It's not about "what newyorkguy thinks" it's about 'what newyorkguy has found.'

Two of the Bill of Rights that have not been "incorporated" are the Second Amendment and the Fifth. The Supreme Court has avoided taking any cases that would require it to rule on the right to keep and bear arms or assemble as an independent militia. Link
 
Yes, but which of those two is the good one and which is the bad? :P

I left that for student's own time. :D

More seriously, you say that the law is vague, but clearly "not the same as the framers laid out". Juxtaposing vagueness with clarity like that seems contradictory.

My assumption is that if they wanted it to be as clear as it is now, through case law, then it would have been a simple matter to write it clearly. Because they didn't, we had to wade through decades of uncertainty and case law to to clarify. The idea that our clarification is exactly what they all meant requires an assumption that they didn't know how to write clearly, which seems absurd given the rest of the document.
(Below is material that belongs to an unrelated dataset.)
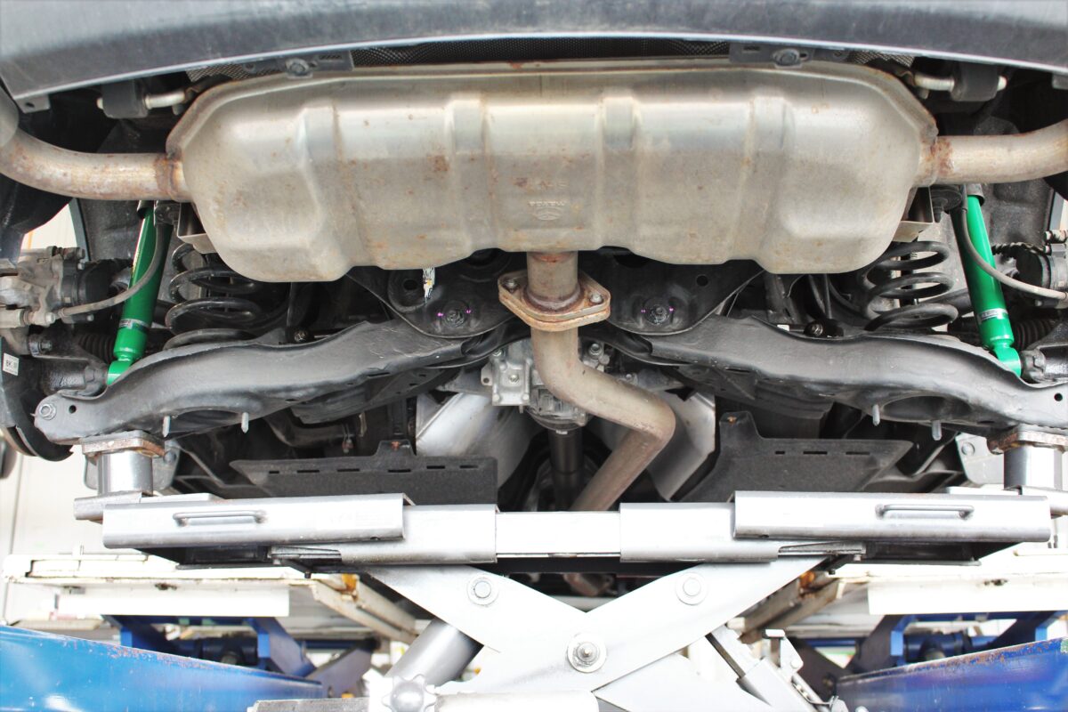 タイヤ・ホイール、純正サスペンションを外していきます。

In any case, if it was vague then, it can only be different now by gaining clarity through case law and precedent. Which it has. Along with every other clause, amendment, and right in the original document. This is supposed to be a bad thing?

Not at all. I just don't think you can rely on the hundreds of cases it has taken to define this clause to then assert that it was always clear. Does that make sense?

Or, the law is "slightly narrowed by the first clause", but is now clearly different. Which is true enough, but so what? A slight narrowing which expanded as it gained clarity over time. Again, this is a bad thing?

Either way, I don't see much of a problem.

Because it is in line with your beliefs of what it should be. If the freedom of speech were clarified to protect slander would you be as comfortable? I think not because it goes against what we collectively feel is "right" - the harder questions lie where the collective feeling is less uniform. I think this is one of those areas.


Because they didn't word it strongly enough to mandate a clear ruling to the contrary. So here we are, forced to interpret an (intentionally?) ambiguous clause in the basis of our nation's system of laws, and our ultimate protection from government intrusion (well, our antepenultimate protection, probably). I've given my interpretation. Have you given yours? I'm not sure.

No. My interpretation depends on the context. If you ask me what the law is I wouldn't even refer to the amendment itself. If you ask me what the framers meant, again there are better sources. If you ask me what I think the law should be, that would be another different conversation. But, if you ask me what those words mean, as in this thread, I'd say they are unclear, but you can't ignore any of them to get a better idea of what the rest of them mean.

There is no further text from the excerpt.